* DATA IN THIS EXERCISE
%%

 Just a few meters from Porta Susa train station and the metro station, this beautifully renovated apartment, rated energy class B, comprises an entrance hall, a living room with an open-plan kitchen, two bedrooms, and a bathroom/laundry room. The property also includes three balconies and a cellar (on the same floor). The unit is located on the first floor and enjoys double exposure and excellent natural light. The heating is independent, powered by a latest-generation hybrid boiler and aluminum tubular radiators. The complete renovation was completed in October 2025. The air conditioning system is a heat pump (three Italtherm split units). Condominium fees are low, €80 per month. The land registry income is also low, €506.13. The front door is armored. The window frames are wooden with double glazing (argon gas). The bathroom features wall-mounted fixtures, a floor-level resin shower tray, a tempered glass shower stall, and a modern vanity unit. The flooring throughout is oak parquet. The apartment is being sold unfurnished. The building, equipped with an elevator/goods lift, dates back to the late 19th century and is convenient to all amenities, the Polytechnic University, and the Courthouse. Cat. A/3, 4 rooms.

%%
%%

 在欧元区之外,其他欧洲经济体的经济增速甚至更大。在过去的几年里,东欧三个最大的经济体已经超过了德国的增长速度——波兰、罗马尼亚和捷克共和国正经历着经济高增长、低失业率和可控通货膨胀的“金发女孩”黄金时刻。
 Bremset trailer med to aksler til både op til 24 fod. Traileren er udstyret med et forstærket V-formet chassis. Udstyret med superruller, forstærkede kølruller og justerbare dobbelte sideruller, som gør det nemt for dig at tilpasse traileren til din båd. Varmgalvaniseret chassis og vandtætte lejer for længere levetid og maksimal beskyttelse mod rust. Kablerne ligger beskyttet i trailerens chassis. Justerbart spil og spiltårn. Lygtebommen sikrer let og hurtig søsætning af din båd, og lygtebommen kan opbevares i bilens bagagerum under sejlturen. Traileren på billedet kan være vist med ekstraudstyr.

%%
%%

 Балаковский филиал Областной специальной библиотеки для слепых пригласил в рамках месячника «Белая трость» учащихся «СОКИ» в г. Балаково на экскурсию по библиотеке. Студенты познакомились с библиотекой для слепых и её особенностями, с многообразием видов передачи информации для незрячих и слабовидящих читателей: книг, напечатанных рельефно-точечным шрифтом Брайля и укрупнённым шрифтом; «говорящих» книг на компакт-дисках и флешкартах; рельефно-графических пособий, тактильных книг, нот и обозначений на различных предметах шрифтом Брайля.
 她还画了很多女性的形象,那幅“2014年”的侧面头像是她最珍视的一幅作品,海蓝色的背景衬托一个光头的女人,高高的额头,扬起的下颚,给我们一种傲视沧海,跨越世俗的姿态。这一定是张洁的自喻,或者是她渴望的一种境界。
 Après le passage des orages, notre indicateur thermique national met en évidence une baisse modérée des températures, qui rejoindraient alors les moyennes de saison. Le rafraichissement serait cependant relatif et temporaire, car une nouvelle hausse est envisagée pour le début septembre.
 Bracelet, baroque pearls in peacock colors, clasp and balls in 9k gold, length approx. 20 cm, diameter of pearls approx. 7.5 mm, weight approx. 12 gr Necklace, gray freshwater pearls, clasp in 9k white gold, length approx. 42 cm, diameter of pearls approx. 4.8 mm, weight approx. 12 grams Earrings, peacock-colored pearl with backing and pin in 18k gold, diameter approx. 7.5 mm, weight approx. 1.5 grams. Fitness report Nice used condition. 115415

%%

* INSTRUCTIONS FOR THE TASK
Return each line of the material in which the string "with" can be found.

* SOLUTION TO THE PROBLEM
 Just a few meters from Porta Susa train station and the metro station, this beautifully renovated apartment, rated energy class B, comprises an entrance hall, a living room with an open-plan kitchen, two bedrooms, and a bathroom/laundry room. The property also includes three balconies and a cellar (on the same floor). The unit is located on the first floor and enjoys double exposure and excellent natural light. The heating is independent, powered by a latest-generation hybrid boiler and aluminum tubular radiators. The complete renovation was completed in October 2025. The air conditioning system is a heat pump (three Italtherm split units). Condominium fees are low, €80 per month. The land registry income is also low, €506.13. The front door is armored. The window frames are wooden with double glazing (argon gas). The bathroom features wall-mounted fixtures, a floor-level resin shower tray, a tempered glass shower stall, and a modern vanity unit. The flooring throughout is oak parquet. The apartment is being sold unfurnished. The building, equipped with an elevator/goods lift, dates back to the late 19th century and is convenient to all amenities, the Polytechnic University, and the Courthouse. Cat. A/3, 4 rooms.
 Bracelet, baroque pearls in peacock colors, clasp and balls in 9k gold, length approx. 20 cm, diameter of pearls approx. 7.5 mm, weight approx. 12 gr Necklace, gray freshwater pearls, clasp in 9k white gold, length approx. 42 cm, diameter of pearls approx. 4.8 mm, weight approx. 12 grams Earrings, peacock-colored pearl with backing and pin in 18k gold, diameter approx. 7.5 mm, weight approx. 1.5 grams. Fitness report Nice used condition. 115415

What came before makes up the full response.